CERTIFICATE BALANCES AND NOTIONAL AMOUNTS
The Certificate Balance of each Class of the CTL Certificates (other than
the Class A-PO Certificates) and the Notional Amounts of the Components that
collectively comprise the Class IO Certificates will not change as a result of
the Proposed Amendment. However, the Certificate Balance of the Class A-PO
Certificates will be increased by $256,651 to $1,714,285. This adjustment to the
Certificate Balance of the Class A-PO Certificates is necessary to adjust the
effective Net Mortgage Rate on the Tops Market Loan (described below) to 6.75%.
7
<PAGE>
On the Amendment Closing Date, the Trust will issue a new CTL Certificate
(the "Class P Certificate") to Daiwa Finance in exchange for the New Loans.

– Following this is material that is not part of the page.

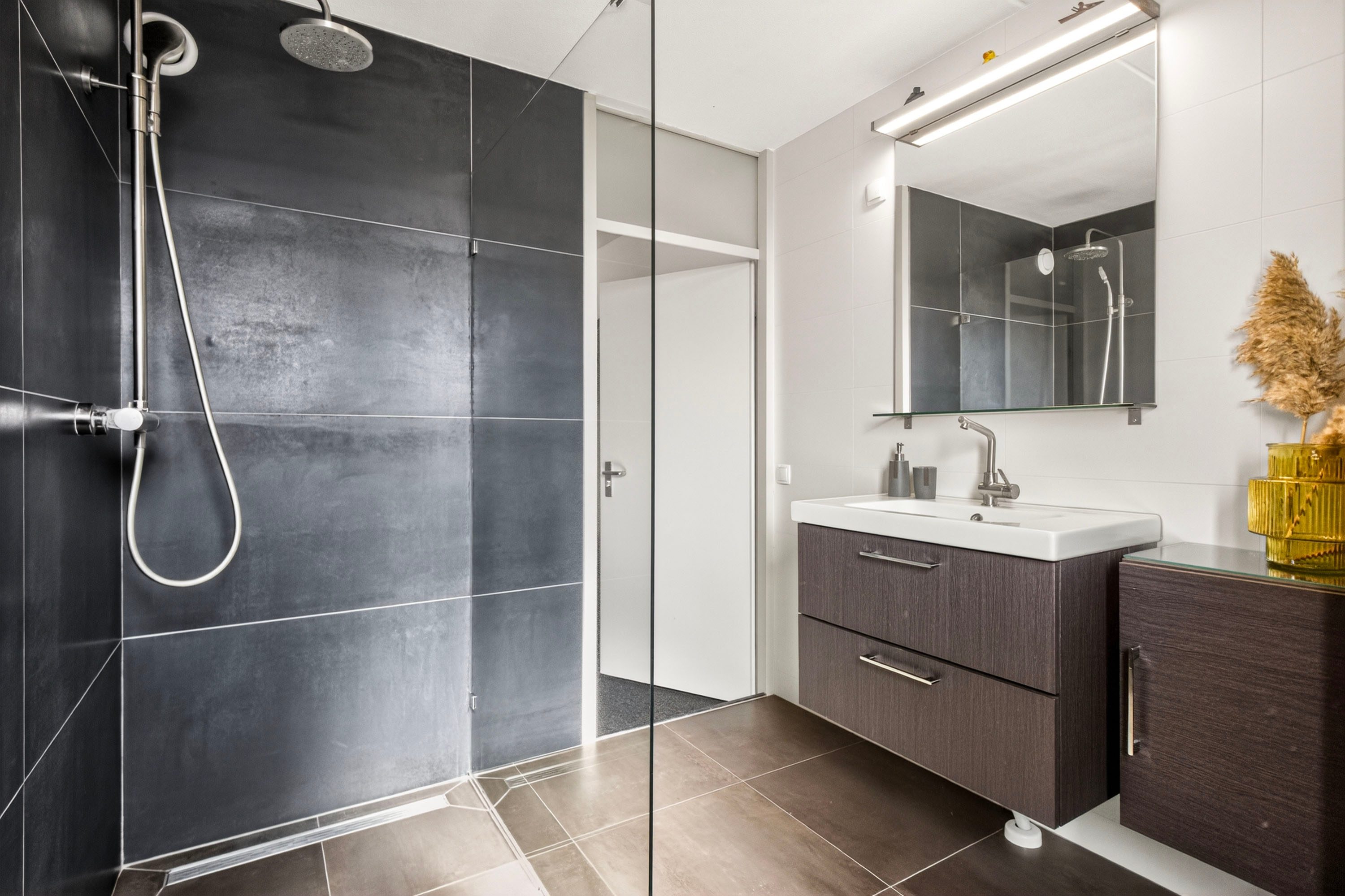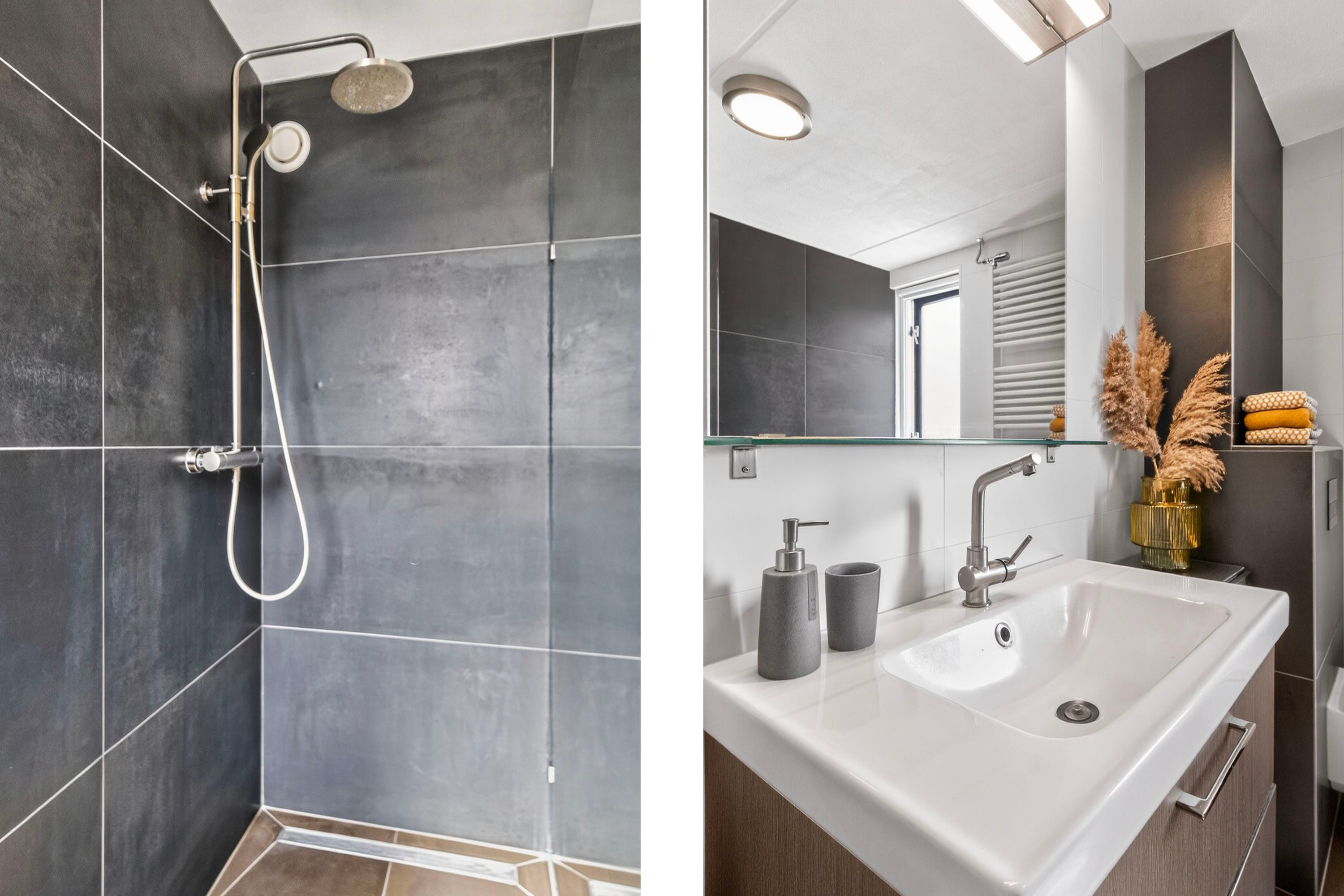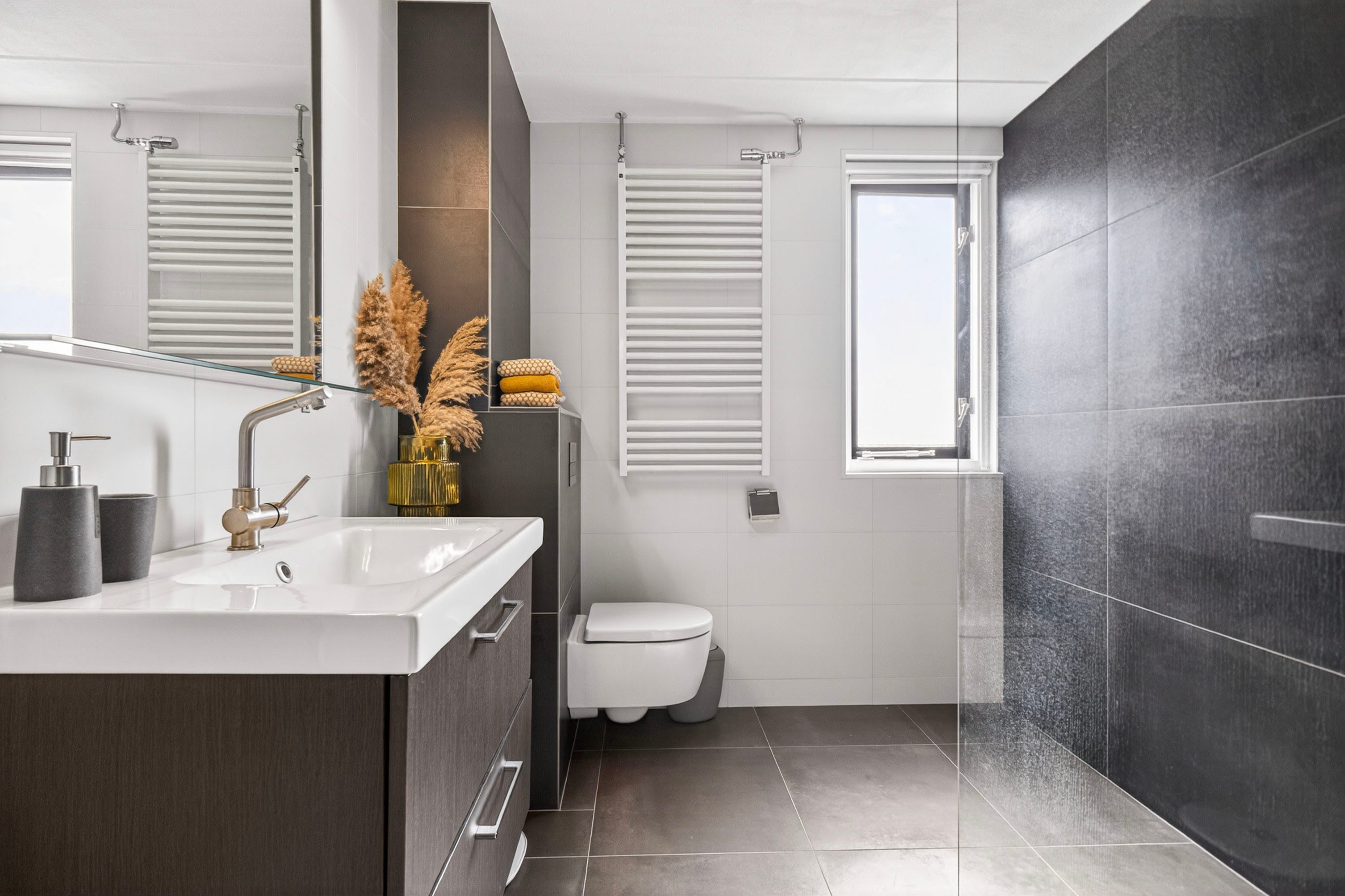 De moderne badkamer (2019) is compleet uitgevoerd met een inloopdouche, wastafelmeubel, spiegel, zwevend toilet en designradiator.

The
Class P Certificate will have a Certificate Balance equal to the aggregate
outstanding Principal Balance of the AGH Loans, $102,334,933 as of the Amendment
Cut-Off Date, and will represent the right to receive distributions of all
collections on the AGH Loans after the Amendment Cut-Off Date. If, for any
reason (such as the occurrence of an event of default), the AGH Loans were to be
sold by the Trust, any proceeds received in respect thereof will not result in a
prepayment of any of the CTL Certificates other than the Class P Certificate.
PASS-THROUGH RATES
The Pass-Through Rate on each Class of CTL Certificates (other than the
Class IO Certificates and the Class A-PO Certificates which do not have a
Pass-Through Rate) will not be adjusted pursuant to the Proposed Amendment.
However, because the Weighted Average Net Mortgage Rate on the AGH Loans exceeds
the Weighted Average Net Mortgage Rate on the New Loans, the Pass-Through Rate
on the Class IO Certificates will be reduced because of the substitution of the
New Loans for the AGH Loans as collateral for the existing CTL Certificates. The
Weighted Average Net Mortgage Rate of the Original Loans was 7.443% immediately
prior to the Amendment Cut-Off Date and the Weighted Average Net Mortgage Rate
of the Original Loans (other than the AGH Loans) and the New Loans immediately
after the Amendment Cut-Off Date was 7.423%.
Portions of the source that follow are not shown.